Step 705: judge whether read number of times exceedes predetermined threshold value, if so, process ends, otherwise perform step 706.

Step 706: the data memory node at described disk place returns reading failure message to metadata management node.Return step 702.

The disk management method that the application provides, disk is independent of data memory node, and the management identifier based on disk is safeguarded disk, simplifies the maintenance work of cluster array, and rationalization is carried out to all hard disks, and provide corresponding error handle and Restoration Mechanism.

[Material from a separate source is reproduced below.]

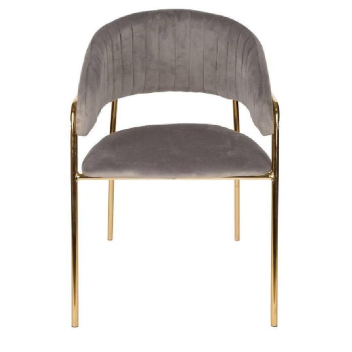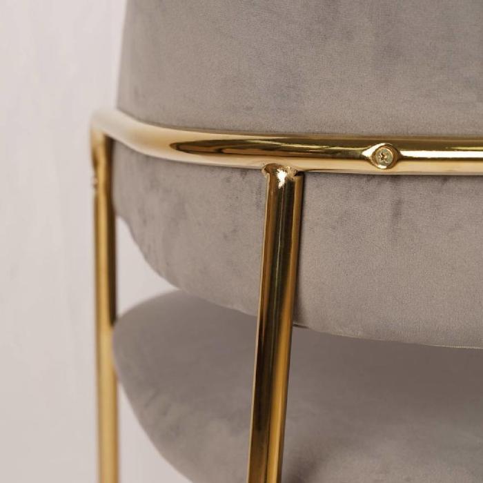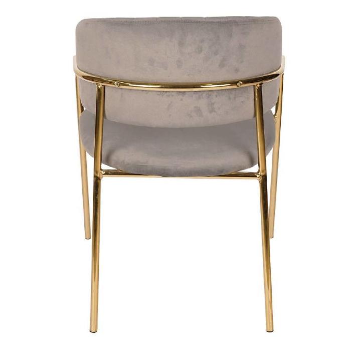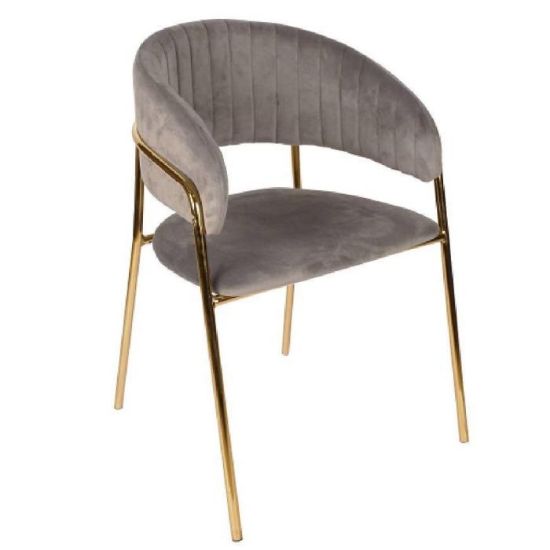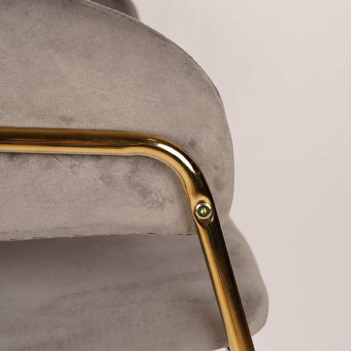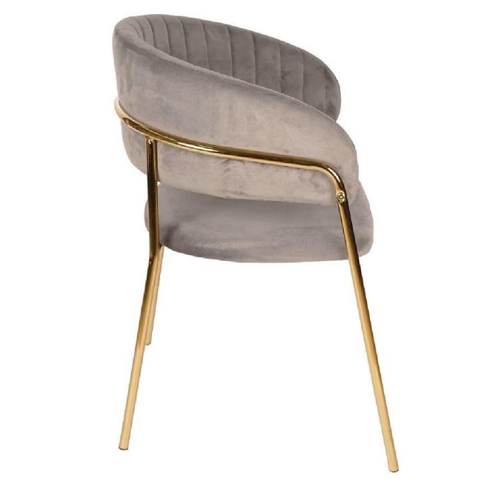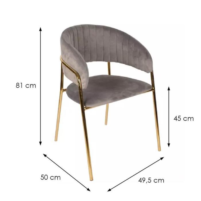 Złoty stelaż krzesła wykonany z metalu nadaje unikatowego wyglądu. Siedzisko zrobione z tkaniny wypełnionej pianką, co dodatkowo zwiększa komfort użytkowania.

Be to be understood that, although this instructions describes according to each embodiment, but not each embodiment only comprises an independently technical scheme, this narrating mode of instructions is only for clarity sake, those skilled in the art should by instructions integrally, technical scheme in each embodiment also through appropriately combined, can form other embodiments that it will be appreciated by those skilled in the art that.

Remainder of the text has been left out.